役に染まる力。滲み出る個性。女優・木南晴夏はその両方を持ち合わせている人だ。

例えば2018年の前半は、帯ドラマ劇場『越路吹雪物語』で岩谷時子役を演じ、才能に溢れた昭和の女の雰囲気を存分に漂わせたかと思うと、『海月姫』では超絶冴えないオタク女を演じてみたり。

『花のち晴れ〜花男 Next Season〜』で演じた、若い二人の恋を取り持つ先輩コンビニ店員役は、現代風のポップさと預言者のような洞察力を兼ね備え、観る側に「こんな先輩欲しい!」と思わせた。
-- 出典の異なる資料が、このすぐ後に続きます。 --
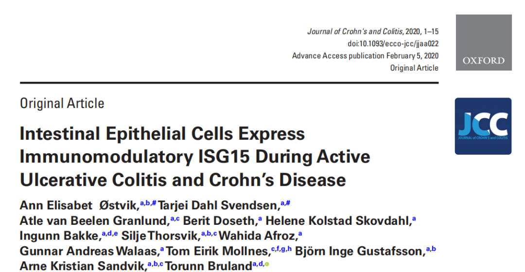 2020年2月5日,由Ann Elisabet Østvik等人在著名期刊《OXFORD》上发表了一篇名为“Intestinal Epithelial Cells Express Immunomodulatory ISG15 During Active Ulcerative Colitis and Crohn’s Disease”的文章,该文章主要利用激光显微切割系统获取人结肠上皮单层细胞(Intestinal Epithelial Cells,IEC),并通过转录组学进行数据分析,发现活动性炎症IBD(Inflammatory Bowel Disease,IBD)患者IEC可以分泌干扰素刺激基因15蛋白(ISG15),且表达水平比非炎症IBD患者高,对研究炎症性肠道疾病的机制和相关治疗手段有重要作用。

ファンタジックな設定にリアリティを与え、シリアスな場面には軽快さを、一見軽薄に見えるシーンにも一抹の真理を感じさせる稀有な存在だ。

今回、ゲスト声優に起用された映画『クレヨンしんちゃん 新婚旅行ハリケーン 失われたひろし』でも、映画のプロデューサーは、「木南さんに声優を務めていただくインディ・ジュンコは、お宝を狙うきりりとした一面と、天然でおとぼけな一面が見え隠れする魅力的なヒロイン。数々の映画やドラマでコメディエンヌっぷりを発揮し、濃いキャラクターにも埋もれず、キラリとした存在感を発揮する木南さんであれば、臆さず楽しんで演じてくださるのではないかと思いました」とコメントしている。

5年前の舞台では、
毎日のように打ちのめされて。
今も舞台には苦手意識があります

――今回は、トレジャーハンターのヒロイン役で、行動全てが裏目に出てしまうアンラッキーガールという設定が新鮮です。「クレしん」との思い出は?

木南:子供の頃からずっとファンで、漫画も一巻からずっと買っています。漫画の連載が始まったのが、私が5歳のときで、しんちゃんの年齢と重なるのも、何か縁を感じます(笑)。

――声優については? 今回はどんな点が面白かったですか?

木南:10代の頃、ゲームソフトのキャラクターの声を担当した時、ずいぶん壁にぶつかって。声優って難しいんだということを刷り込まれていました(苦笑)。長編映画の声を担当したのは初めてだったんですが、あまり経験がないことに関しては、どんどんやっていきたいと思う方なので。

今回はゲストといえど、出演シーンがすごく長いんです。物語の鍵となるヒロイン役ですが、しんのすけたちと、ずっと行動を共にする役なので、意外と出演シーンが多くて。試写を見てビックリしました。「わぁ、こんなに出てる!まだ出てる!」みたいな(笑)。

――お仕事を選ぶ時は、“新しいチャレンジができるもの”を優先されているのですか?

木南:私、今まで自分からお仕事を選んだことってないんです。お話いただけたものに全力で取り組んでいくようにしています。

――事務所のスタッフの方と、今後の方針について話されたりは?

木南:あまりしないです。マネージャーとなんとなく共有していることは、“何か一つ、面白さを感じられればいいよね”ということ。台本の面白さでもいいし、キャラクターが面白いのでもいいし、実際に“笑い”としての面白さがあるものでもいい。今のところ、“面白い”と思う感覚がマネージャーと一致しているのか、特にそこをすり合わせなくても、面白いお仕事に巡り合えているような気がします。ただ、折を見て、「こういう作品をもっとやっていきたいんですけど」というお願いはします。